Auf jeden Fall. Es gibt zwar offensichtlich auch gewisse militärische Erfolge - zumindest hat Boko Haram einen hohen Blutzoll gezahlt - aber so wie die Sicherheitskräfte im Nordosten auftreten, führt das auch dazu, dass sich immer mehr Leute vom Staat abwenden und das Verhalten der Regierungsmacht kritisieren. Und das verschafft Boko Haram eventuell sogar Zulauf. Die Gruppe scheint sich im Nordosten sehr fest verankert zu haben. Das ist auch eine neue Erkenntnis der vergangenen Wochen: Die Gruppe wurde eben gar nicht so sehr geschwächt. Die zunehmende Regionalisierung des Konflikts auf den Nordosten ist kein Zeichen von Schwäche, sondern ein Zeichen dafür, dass Boko Haram im Nordosten eine Anti-Regierung installiert.

Sie haben es erwähnt: Präsident Jonathan hat darauf verzichtet, die Gouverneure der drei Bundesstaaten abzusetzen. Muss man die Ausrufung des Notstandes also eher als Symbolpolitik interpretieren?

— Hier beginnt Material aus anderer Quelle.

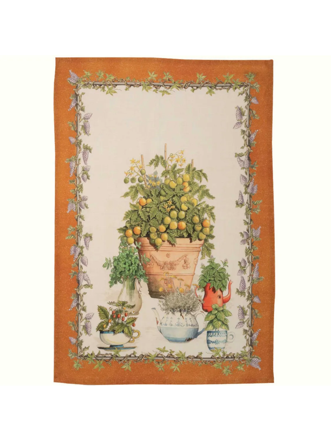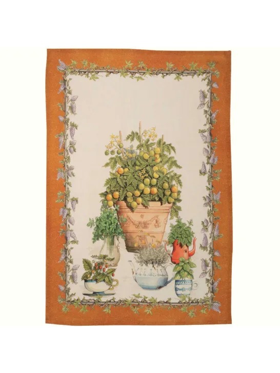 Strofinaccio da cucina in 100% cotone, decorato con piante aromatiche e realizzato in Italia dalla Tessitura Toscana Telerie. Perfetto da utilizzare nel tuo giardino oppure nella tua cucina per dare un tocco di colore e vivacità.

Ich denke schon. Es geht für ihn darum, auch öffentlich wieder in die Offensive zu gehen und zu zeigen: Ich bin derjenige, der hier handelt, der die Aufsicht über die Streitkräfte hat und der das kontrolliert. Es ist vielleicht auch ein Anerkennen der Tatsache, dass dieser Amnestieversuch ziemlich gefloppt ist - auch wenn er in seinem Statement sagt, wir werden weiterhin den Dialog suchen. Aber es ist zu einem großen Teil sicherlich eine PR-Aktion.

Thomas Mättig leitet das Büro der SPD-nahen Friedrich-Ebert-Stiftung (FES) in Nigerias Hauptstadt Abuja.